Sevgili Silivrililer,
Buradan İçişleri Bakanı Efkan Alâ ve Silivri Cumhuriyet Başsavcısı Lütfi Dursun’a çağrıda bulunuyorum.
Silivri Belediyesi’nde özellikle de Basın Yayın ve Halkla İlişkiler Müdürlüğü ve SİLKENT bütçeleri ile ilgili mal ve hizmet alımlarında kabarık faturalar düzenlenerek bütçeden hortumlama yapıldığı konusunda endişelerim var.
Bu endişelerimin mantıklı dayanakları var...
Silivri Belediyesi içerisinde neredeyse tüm birimlerden bilgi akışına sahibim.
Basın Yayın ve Halkla İlişkiler Müdürlüğü’nün başında Meral Türkmen Terlikçi olmasına rağmen mal ve hizmet alımı ile ilgili para harcanması gereken işlemlerin kararını çoğu kez Ömer Sebahattin Çetin resmi bir yetkisi olmamasına rağmen tek başına alıyor.
Ömer Sebahattin Çetin kim?
Belediye Başkanı Özcan Işıklar’ın çocukluk arkadaşı...
Her taşın altından çıkan adam...
Belediye içerisindeki resmi görevi Strateji Geliştirme Müdür Vekili olmasına rağmen; Basın Yayın ve Halkla İlişkiler Müdürlüğü ile SİLKENT bütçelerinin ilgili mal ve hizmet alımlarını bu kişi yönlendiriyor.
SİLKENT de aynı şekilde...
Silivri Belediyesi’nin bir iktisadi teşebbüsü olan SİLKENT'in (Silivri Kent Hizmetleri Ticaret ve Sanayi Anonim Şirketi) başında müdür sıfatı ile Ayhan Öztürk adlı daha önce hakkındaki yolsuzluk iddiaları ayyuka çıkmış zât var.
Ancak mal ve hizmet alımı ile ilgili para harcanması gereken işlemlerin kararını Ömer Sebahattin Çetin ile birlikte alıyorlar.
Özcan Işıklar "görev" paylaşımını bu şekilde yapmış.
Ömer Sebahattin Çetin, aynı Özcan Işıklar’ın taktiğini uyguluyor.
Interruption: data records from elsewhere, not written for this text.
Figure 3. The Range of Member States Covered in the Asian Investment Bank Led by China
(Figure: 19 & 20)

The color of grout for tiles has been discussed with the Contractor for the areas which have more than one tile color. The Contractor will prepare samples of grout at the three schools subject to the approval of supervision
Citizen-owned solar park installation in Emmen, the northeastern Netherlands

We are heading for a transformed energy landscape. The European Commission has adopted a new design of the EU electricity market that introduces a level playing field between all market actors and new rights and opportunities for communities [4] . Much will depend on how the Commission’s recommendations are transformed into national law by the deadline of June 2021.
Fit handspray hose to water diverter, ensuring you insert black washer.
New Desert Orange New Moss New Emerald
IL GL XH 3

Neredeyse bu birimlerdeki her işlemin arkasında kendisi olmasına rağmen resmi sorumluluk taşıyan imzaları başkalarına attırıyor.
Özcan Işıklar da riskli evraklara imza atmıyor ve kılıfına uydurup başkalarına imzalattırıyor.
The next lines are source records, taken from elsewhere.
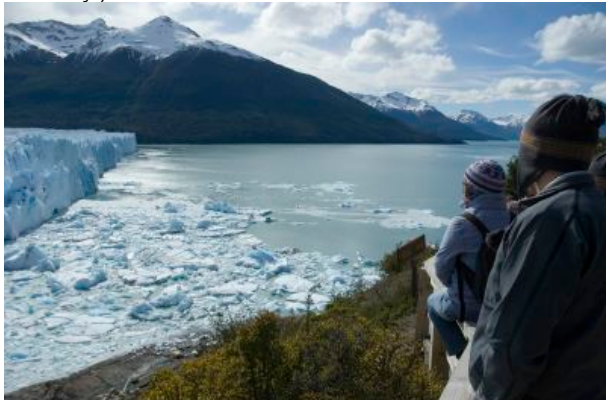
Admire the spectacular views at Perito Moreno

The route you drive takes you along lakes Argentino and Viedma with wonderful views of Fitzroy. Settle in to your comfortable lodge, staying in a superior mountain view room. (b)
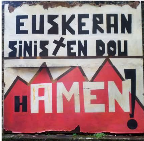
Basque street sign that says: “We believe in Basque here” (i.e. not Christianity)

A hostile struggle for Basque independence from France and Spain has existed for centuries. Christianity has often been used to justify oppression against Basque people, from burning “witches” to outlawing the language. It is no surprise therefore to see a significant social departure from the state-imposed religion by a suspicious, resentful and even angry demographic. Furthermore, many Basques are quick to embrace anything but Christianity, with special attention given to mythology, new-age and pagan beliefs that are a tempting, fertile pasture for the spiritually inquisitive.
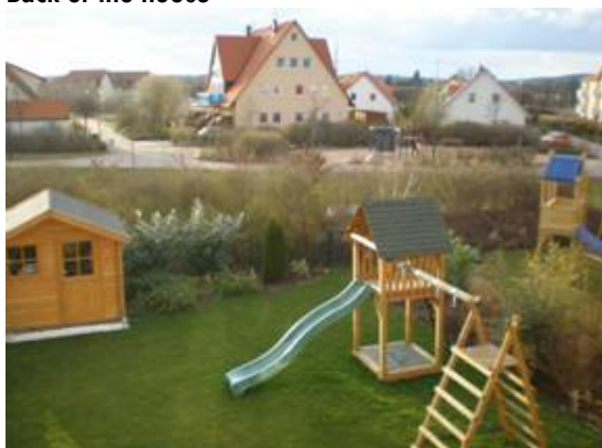
View from rear balcony
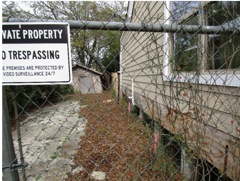
Side of Property
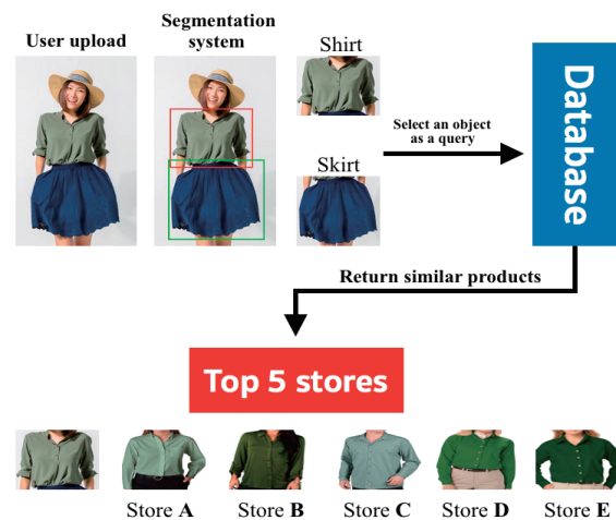
Figure 2: Customer searches for a product

the image by using image segmentation via a Deep Learning algorithm. The user can select a product they want (e.g. shirt, skirt, etc.) as a query to search for a similar product in the database. Then, the system will retrieve all available products which match the query according to their similarity together with their availability at stores. The customer searches for a product as shown in Figure 2.
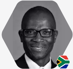
Hon. Masondo Deputy Minister of Finance South Africa
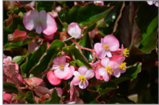
Hula Pink Begonia flowers

Hula Pink Begonia is an herbaceous annual with a ground-hugging habit of growth. Its medium texture blends into the garden, but can always be balanced by a couple of finer or coarser plants for an effective composition.

SİLKENT yıllardan beri zararda...
Bu şirket içerisinde hiç abartmadan söylüyorum trilyonlar dönüyor.
Yukarıda belirttiğim organizasyonların başında her taşın altından çıkan isim olan Ömer Sebahattin Çetin var.
Özcan Işıklar’ın 6 yaşından beri çocukluk arkadaşı olan, Silivri’de halk arasında “Tavuk Ömer” lakabıyla anılan ve belediye içerisinde her taşın altından çıkan Ömer Sebahattin Çetin’in belediyeye girmeden önceki durumunu hatırlayanınız vardır mutlaka.
Sabahtan akşama kadar ya Şuayyip’in çay bahçesinde ya da Piramit Çay Bahçesi’nde boş boş otururdu. 6-7 bardak çaydan daha fazlasını içtiği zaman hesabı ödeyemezdi.
O kadar yani...
Ancak Özcan Işıklar’ın belediye başkanı seçilmesiyle birlikte o da belediyeye kapağı attı.
Ömer’in memuriyet kıdemi çok düşük...
Resmi maaşı 2000 TL’nin altında...
Ancak Işıklar belediye başkanı olduğundan beri yılda neredeyse 10 kez yurt dışına çıkıyor.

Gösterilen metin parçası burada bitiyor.